In this entry, ``[1]Subgoal 1'' is the name of a goal which will be proved in the next forcing round. On the next line we display the forced hypothesis, call it `x`, which is `(good-inputp (xtrans i))` in this example. This term will be the conclusion of the new subgoal. Since the new subgoal will be printed in its entirety when its proof is undertaken, we do not here exhibit the context in which `x` was forced. The sentence then lists (possibly a succession of) a goal name from the just-completed round and some step in the proof of that goal that forced `x`. In the example above we see that Subgoals 14 and 28 of the just-completed proof forced `(good-inputp (xtrans i))` by applying `(:rewrite pred-cruncher)` to the term `(pred (xtrans i) i)`.

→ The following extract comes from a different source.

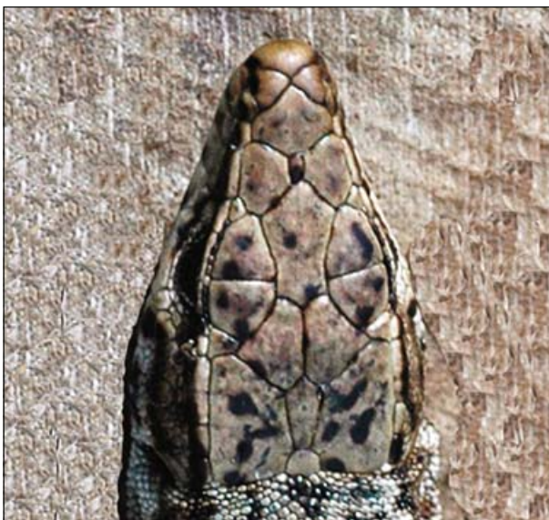
Fig. 8. Intercalary shields between prefrontals in D. saxicola from one of westernmost population in Marinskiy Pass (No. 1463 SNP).

D. b. szczyrbaki as it was supposed by Darevsky (1967). Records of Lacerta saxicola in the belt of broadleaf (oak-beech) forests of Ridge Navagir (Tsellarius and Tsellarius, 2001a; 2001b; Tsellarius, 2005) according to personal communication of A. Yu. Tsellarius, also belongs to D. b. darevskii .

If one were to inspect the theorem prover's description of the proof steps applied to Subgoals 14 and 28 one would find the word ``forced'' (or sometimes ``forcibly'') occurring in the commentary. Whenever you see that word in the output, you know you will get a subsequent forcing round to deal with the hypotheses forced. Similarly, if at the beginning of a forcing round a rune is blamed for causing a force in some subgoal, inspection of the commentary for that subgoal will reveal the word ``forced'' after the rule name blamed.

Most forced hypotheses come from within the prover's simplifier. When the simplifier encounters a hypothesis of the form `(force hyp)` it first attempts to establish it by rewriting `hyp` to, say, `hyp'`. If the truth or falsity of `hyp'` is known, forcing is not required. Otherwise, the simplifier actually forces `hyp'`. That is, the `x` mentioned above is `hyp'`, not `hyp`, when the forced subgoal was generated by the simplifier.

Once the system has printed out the origins of the newly forced goals, it proceeds to the next forcing round, where those goals are individually displayed and attacked.

At the beginning of a forcing round, the enabled structure defaults to the global enabled structure. For example, suppose some rune, `rune`, is globally enabled. Suppose in some event you disable the rune at `"Goal"` and successfully prove the goal but force `"[1]Goal"`. Then during the proof of `"[1]Goal"`, rune is enabled ``again.'' The right way to think about this is that the rune is ``still'' enabled. That is, it is enabled globally and each forcing round resumes with the global enabled structure.